┌─ DATA TO USE

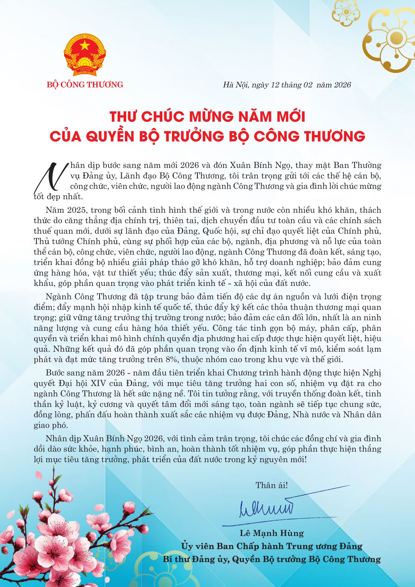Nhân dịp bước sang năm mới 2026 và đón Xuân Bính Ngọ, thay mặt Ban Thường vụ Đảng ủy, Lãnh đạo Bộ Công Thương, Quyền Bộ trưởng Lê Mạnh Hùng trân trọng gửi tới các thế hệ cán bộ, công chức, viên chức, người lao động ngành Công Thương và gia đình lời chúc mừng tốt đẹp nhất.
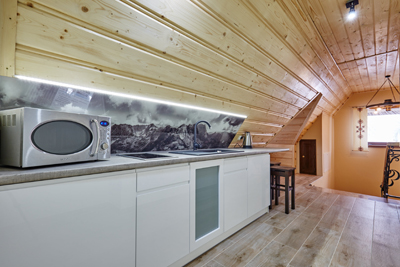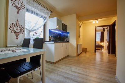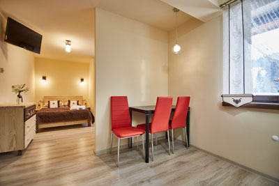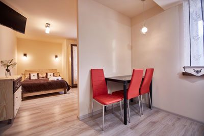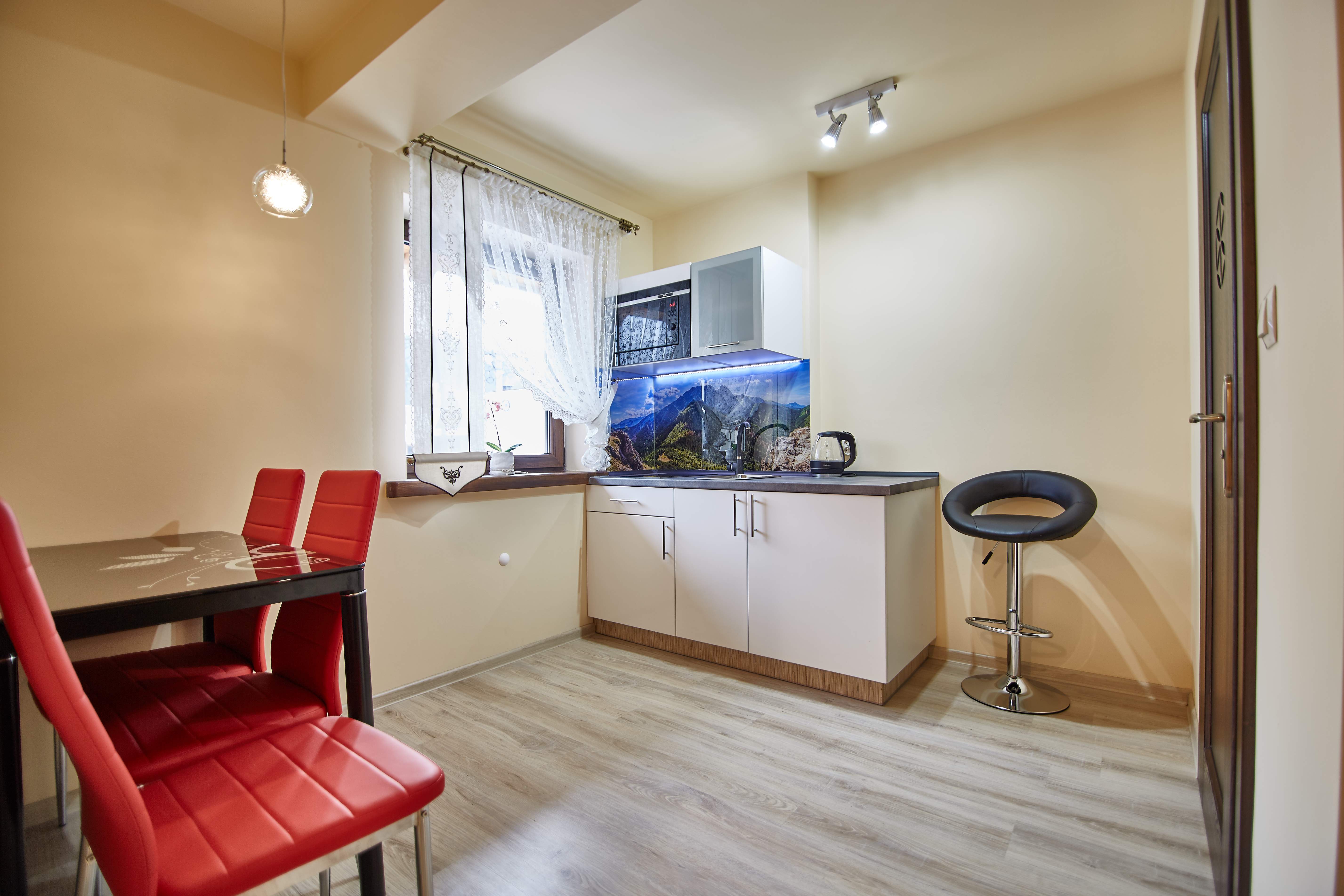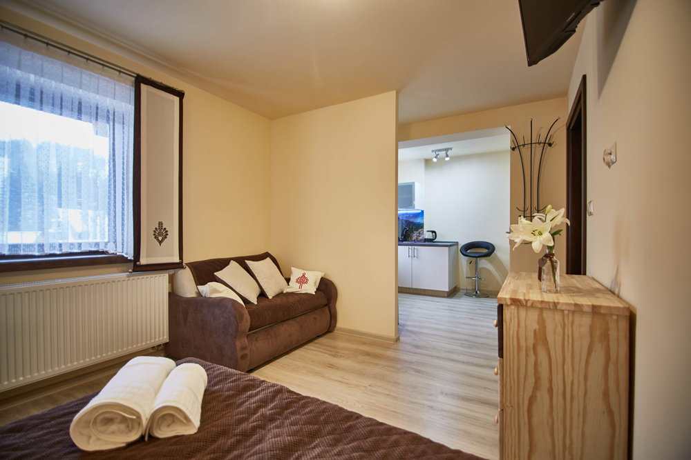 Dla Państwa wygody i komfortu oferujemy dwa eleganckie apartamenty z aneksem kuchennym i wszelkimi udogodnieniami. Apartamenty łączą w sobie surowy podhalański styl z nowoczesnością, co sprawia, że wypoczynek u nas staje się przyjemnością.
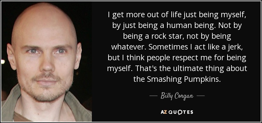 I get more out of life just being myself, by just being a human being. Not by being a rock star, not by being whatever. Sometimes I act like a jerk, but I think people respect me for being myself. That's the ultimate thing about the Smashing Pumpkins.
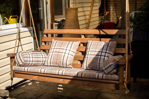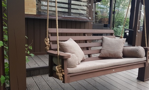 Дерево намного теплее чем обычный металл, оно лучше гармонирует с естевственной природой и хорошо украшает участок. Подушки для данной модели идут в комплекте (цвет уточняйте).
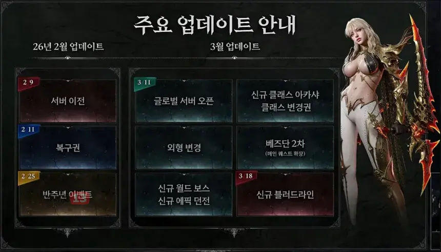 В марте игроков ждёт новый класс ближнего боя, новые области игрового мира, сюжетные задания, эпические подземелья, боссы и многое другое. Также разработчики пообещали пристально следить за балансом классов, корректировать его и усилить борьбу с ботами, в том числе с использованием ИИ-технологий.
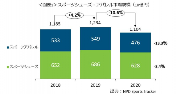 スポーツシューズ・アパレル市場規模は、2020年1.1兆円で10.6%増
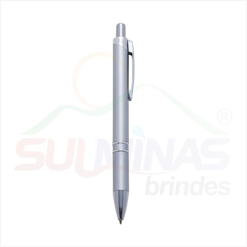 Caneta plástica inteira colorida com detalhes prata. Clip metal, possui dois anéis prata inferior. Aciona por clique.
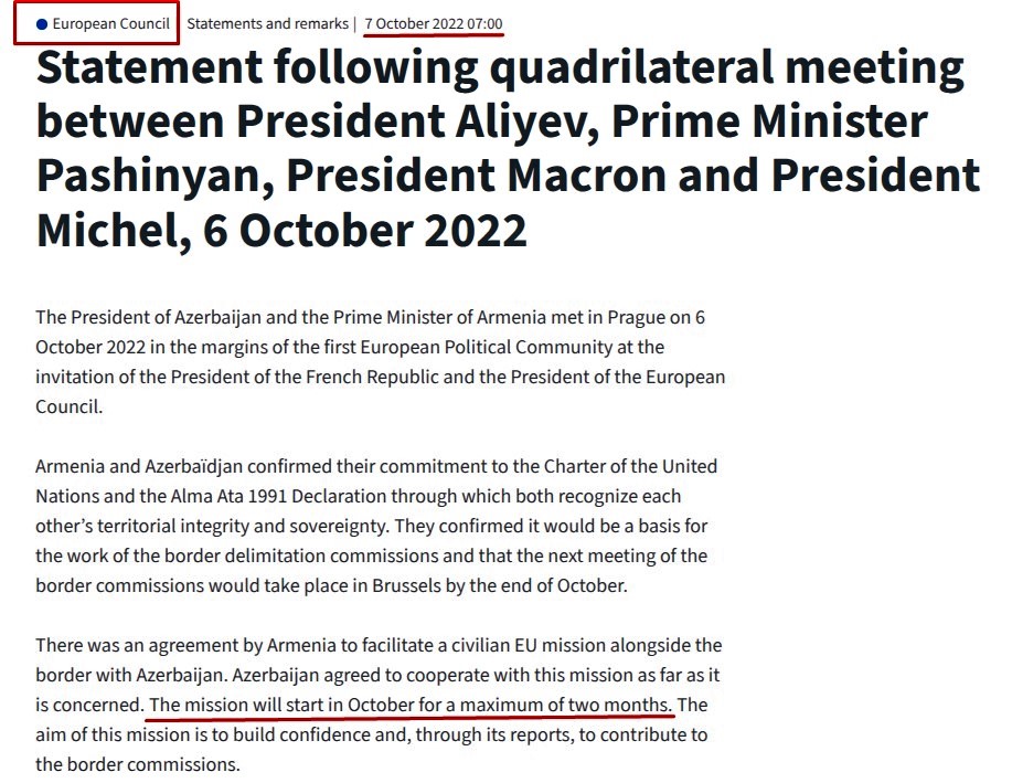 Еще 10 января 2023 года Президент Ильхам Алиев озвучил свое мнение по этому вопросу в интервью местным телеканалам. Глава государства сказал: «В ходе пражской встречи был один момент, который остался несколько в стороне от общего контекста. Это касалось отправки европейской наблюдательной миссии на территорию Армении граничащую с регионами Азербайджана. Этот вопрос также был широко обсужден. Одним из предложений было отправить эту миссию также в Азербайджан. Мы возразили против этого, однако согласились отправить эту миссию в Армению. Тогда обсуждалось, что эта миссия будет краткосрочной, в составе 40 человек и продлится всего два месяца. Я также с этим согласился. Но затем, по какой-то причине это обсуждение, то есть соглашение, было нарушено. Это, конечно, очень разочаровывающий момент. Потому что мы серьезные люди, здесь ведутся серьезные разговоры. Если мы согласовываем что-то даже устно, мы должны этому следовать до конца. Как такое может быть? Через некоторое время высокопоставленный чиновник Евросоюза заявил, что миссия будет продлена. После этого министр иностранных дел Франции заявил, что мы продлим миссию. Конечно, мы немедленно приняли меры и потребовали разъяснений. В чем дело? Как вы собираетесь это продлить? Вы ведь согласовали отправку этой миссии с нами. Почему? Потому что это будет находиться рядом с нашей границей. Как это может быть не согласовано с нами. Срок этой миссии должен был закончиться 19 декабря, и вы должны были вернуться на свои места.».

└─

## PROBLEM DETAILS
Would you return the records exactly, keeping out every picture?

## SOLUTION
Nhân dịp bước sang năm mới 2026 và đón Xuân Bính Ngọ, thay mặt Ban Thường vụ Đảng ủy, Lãnh đạo Bộ Công Thương, Quyền Bộ trưởng Lê Mạnh Hùng trân trọng gửi tới các thế hệ cán bộ, công chức, viên chức, người lao động ngành Công Thương và gia đình lời chúc mừng tốt đẹp nhất.
 Dla Państwa wygody i komfortu oferujemy dwa eleganckie apartamenty z aneksem kuchennym i wszelkimi udogodnieniami. Apartamenty łączą w sobie surowy podhalański styl z nowoczesnością, co sprawia, że wypoczynek u nas staje się przyjemnością.
 I get more out of life just being myself, by just being a human being. Not by being a rock star, not by being whatever. Sometimes I act like a jerk, but I think people respect me for being myself. That's the ultimate thing about the Smashing Pumpkins.
 Дерево намного теплее чем обычный металл, оно лучше гармонирует с естевственной природой и хорошо украшает участок. Подушки для данной модели идут в комплекте (цвет уточняйте).
 В марте игроков ждёт новый класс ближнего боя, новые области игрового мира, сюжетные задания, эпические подземелья, боссы и многое другое. Также разработчики пообещали пристально следить за балансом классов, корректировать его и усилить борьбу с ботами, в том числе с использованием ИИ-технологий.
 スポーツシューズ・アパレル市場規模は、2020年1.1兆円で10.6%増
 Caneta plástica inteira colorida com detalhes prata. Clip metal, possui dois anéis prata inferior. Aciona por clique.
 Еще 10 января 2023 года Президент Ильхам Алиев озвучил свое мнение по этому вопросу в интервью местным телеканалам. Глава государства сказал: «В ходе пражской встречи был один момент, который остался несколько в стороне от общего контекста. Это касалось отправки европейской наблюдательной миссии на территорию Армении граничащую с регионами Азербайджана. Этот вопрос также был широко обсужден. Одним из предложений было отправить эту миссию также в Азербайджан. Мы возразили против этого, однако согласились отправить эту миссию в Армению. Тогда обсуждалось, что эта миссия будет краткосрочной, в составе 40 человек и продлится всего два месяца. Я также с этим согласился. Но затем, по какой-то причине это обсуждение, то есть соглашение, было нарушено. Это, конечно, очень разочаровывающий момент. Потому что мы серьезные люди, здесь ведутся серьезные разговоры. Если мы согласовываем что-то даже устно, мы должны этому следовать до конца. Как такое может быть? Через некоторое время высокопоставленный чиновник Евросоюза заявил, что миссия будет продлена. После этого министр иностранных дел Франции заявил, что мы продлим миссию. Конечно, мы немедленно приняли меры и потребовали разъяснений. В чем дело? Как вы собираетесь это продлить? Вы ведь согласовали отправку этой миссии с нами. Почему? Потому что это будет находиться рядом с нашей границей. Как это может быть не согласовано с нами. Срок этой миссии должен был закончиться 19 декабря, и вы должны были вернуться на свои места.».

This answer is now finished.